# INSTRUCTIONS FOR THE TASK:
Please set out each line below exactly as it stands, without the images.

# SOURCE MATERIAL:

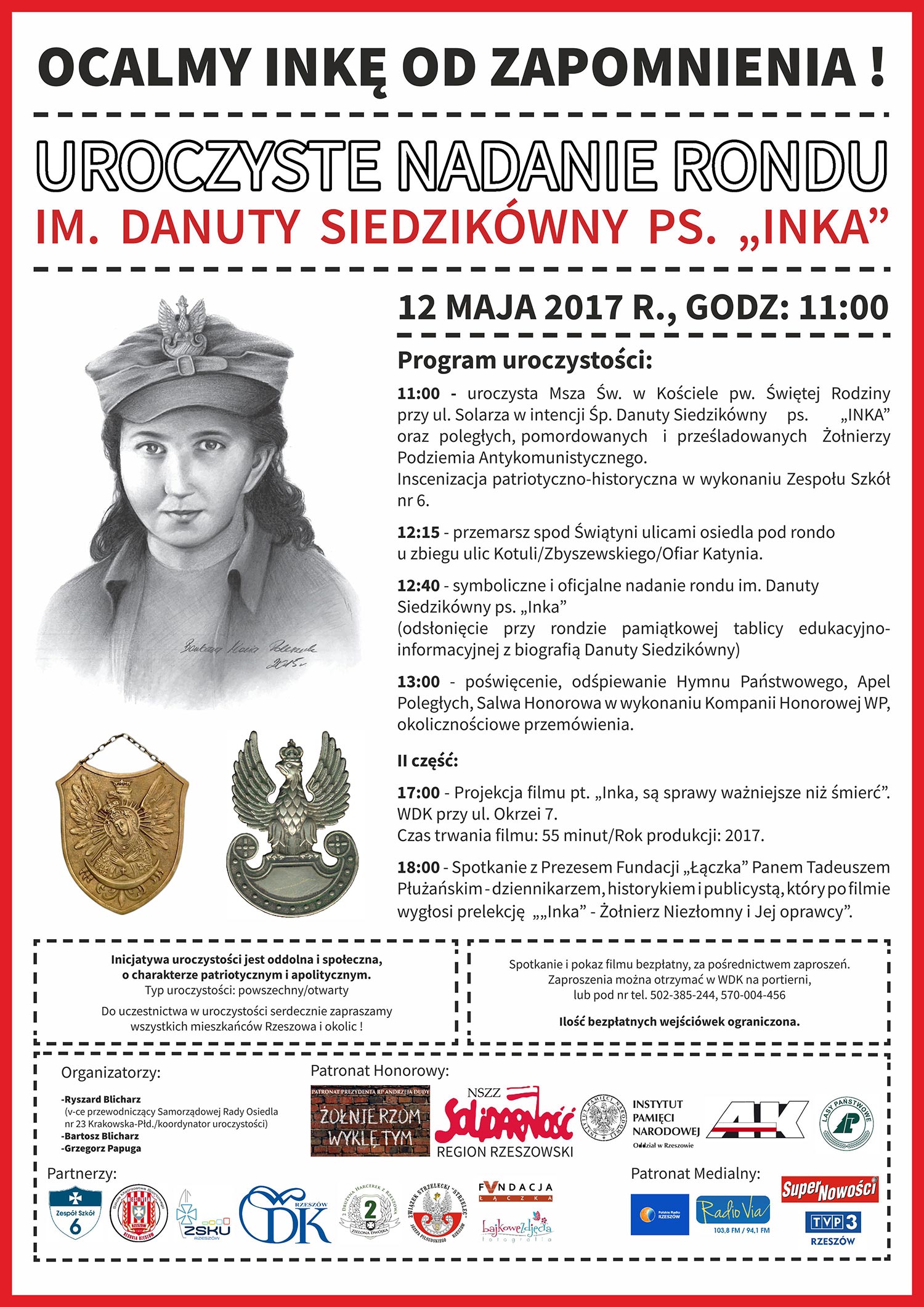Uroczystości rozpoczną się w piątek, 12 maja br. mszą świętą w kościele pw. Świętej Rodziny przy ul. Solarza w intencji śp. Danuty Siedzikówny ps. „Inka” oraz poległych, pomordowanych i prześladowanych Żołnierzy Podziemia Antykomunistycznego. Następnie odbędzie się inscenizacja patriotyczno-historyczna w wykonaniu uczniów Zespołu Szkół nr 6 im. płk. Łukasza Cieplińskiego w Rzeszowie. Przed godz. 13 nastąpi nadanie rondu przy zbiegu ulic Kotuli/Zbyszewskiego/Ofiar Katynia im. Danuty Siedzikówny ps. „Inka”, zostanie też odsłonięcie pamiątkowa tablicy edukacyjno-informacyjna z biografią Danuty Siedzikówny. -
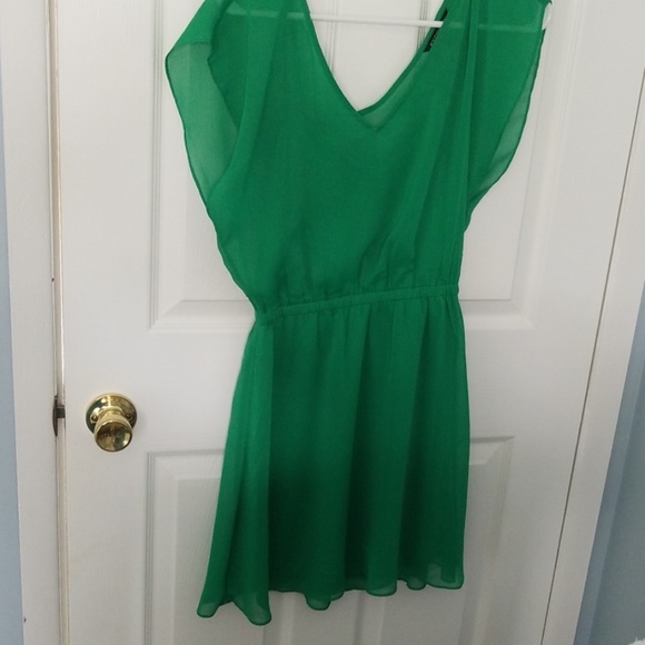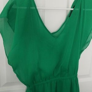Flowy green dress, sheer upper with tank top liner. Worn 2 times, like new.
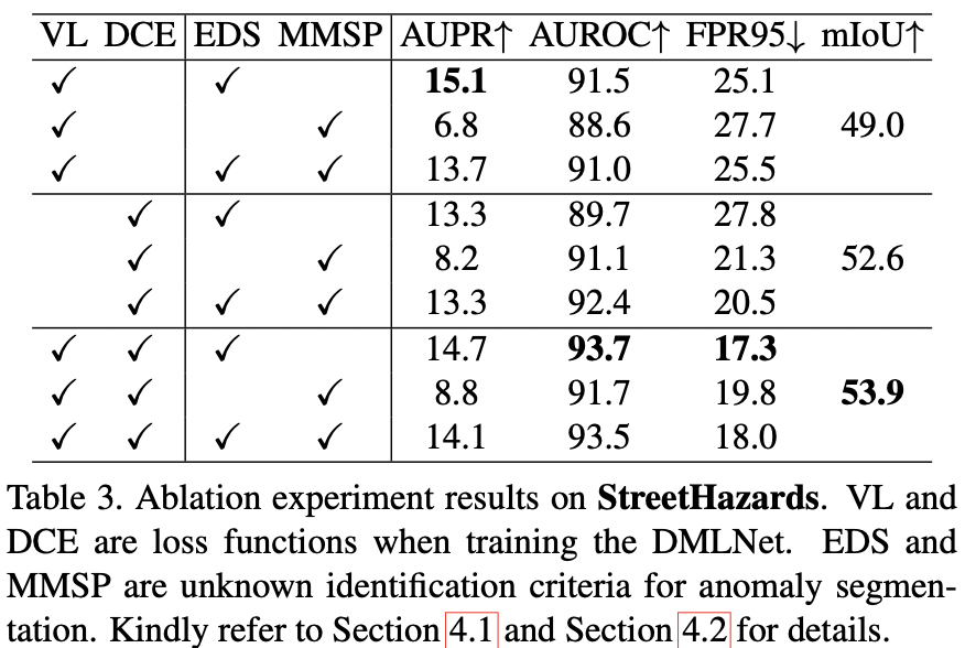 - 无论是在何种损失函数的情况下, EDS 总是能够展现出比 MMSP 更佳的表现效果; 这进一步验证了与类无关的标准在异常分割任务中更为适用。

# ANSWER TO THIS PROBLEM:
Uroczystości rozpoczną się w piątek, 12 maja br. mszą świętą w kościele pw. Świętej Rodziny przy ul. Solarza w intencji śp. Danuty Siedzikówny ps. „Inka” oraz poległych, pomordowanych i prześladowanych Żołnierzy Podziemia Antykomunistycznego. Następnie odbędzie się inscenizacja patriotyczno-historyczna w wykonaniu uczniów Zespołu Szkół nr 6 im. płk. Łukasza Cieplińskiego w Rzeszowie. Przed godz. 13 nastąpi nadanie rondu przy zbiegu ulic Kotuli/Zbyszewskiego/Ofiar Katynia im. Danuty Siedzikówny ps. „Inka”, zostanie też odsłonięcie pamiątkowa tablicy edukacyjno-informacyjna z biografią Danuty Siedzikówny. -
Flowy green dress, sheer upper with tank top liner. Worn 2 times, like new.
 - 无论是在何种损失函数的情况下, EDS 总是能够展现出比 MMSP 更佳的表现效果; 这进一步验证了与类无关的标准在异常分割任务中更为适用。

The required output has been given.